PROVIDED RECORDS
____
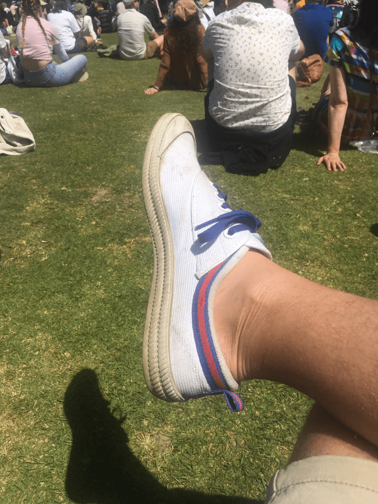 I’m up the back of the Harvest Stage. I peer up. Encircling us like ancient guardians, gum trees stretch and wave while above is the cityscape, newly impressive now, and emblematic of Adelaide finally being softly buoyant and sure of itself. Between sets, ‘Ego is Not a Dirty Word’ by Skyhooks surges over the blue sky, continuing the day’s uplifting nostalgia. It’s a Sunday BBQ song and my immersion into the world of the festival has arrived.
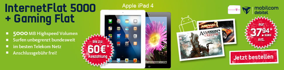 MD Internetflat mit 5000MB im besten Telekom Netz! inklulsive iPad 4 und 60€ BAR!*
____
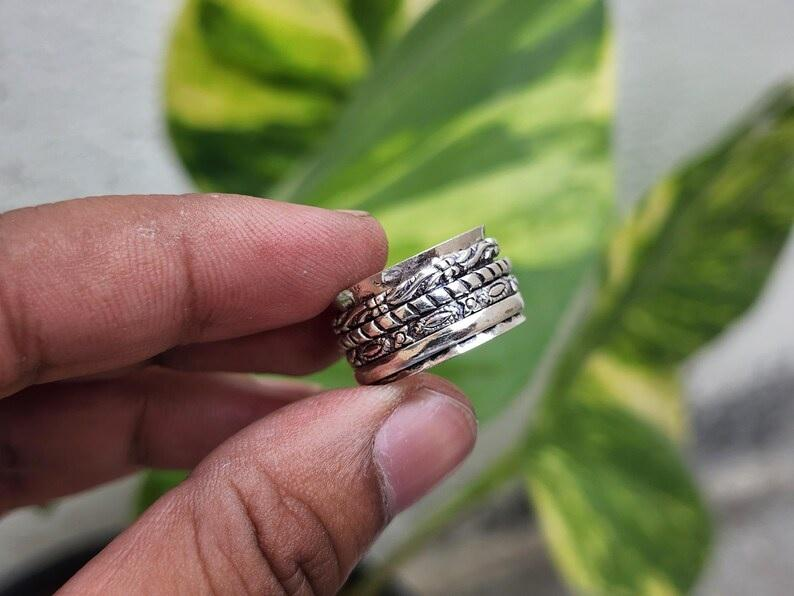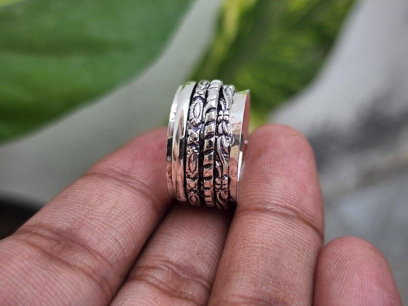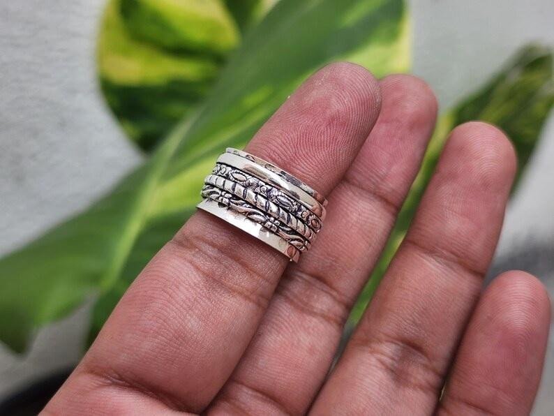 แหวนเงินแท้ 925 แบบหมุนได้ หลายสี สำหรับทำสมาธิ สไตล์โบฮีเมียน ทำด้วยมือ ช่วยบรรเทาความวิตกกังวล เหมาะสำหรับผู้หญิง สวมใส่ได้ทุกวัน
____
WHAT YOU SHOULD DO
Starting at the line above that holds "I’m up the back", repeat every line exactly down to and including the line that holds "MD Internetflat mit", then stop. Do not carry over any pictures.

TASK RESULT
 I’m up the back of the Harvest Stage. I peer up. Encircling us like ancient guardians, gum trees stretch and wave while above is the cityscape, newly impressive now, and emblematic of Adelaide finally being softly buoyant and sure of itself. Between sets, ‘Ego is Not a Dirty Word’ by Skyhooks surges over the blue sky, continuing the day’s uplifting nostalgia. It’s a Sunday BBQ song and my immersion into the world of the festival has arrived.
 MD Internetflat mit 5000MB im besten Telekom Netz! inklulsive iPad 4 und 60€ BAR!*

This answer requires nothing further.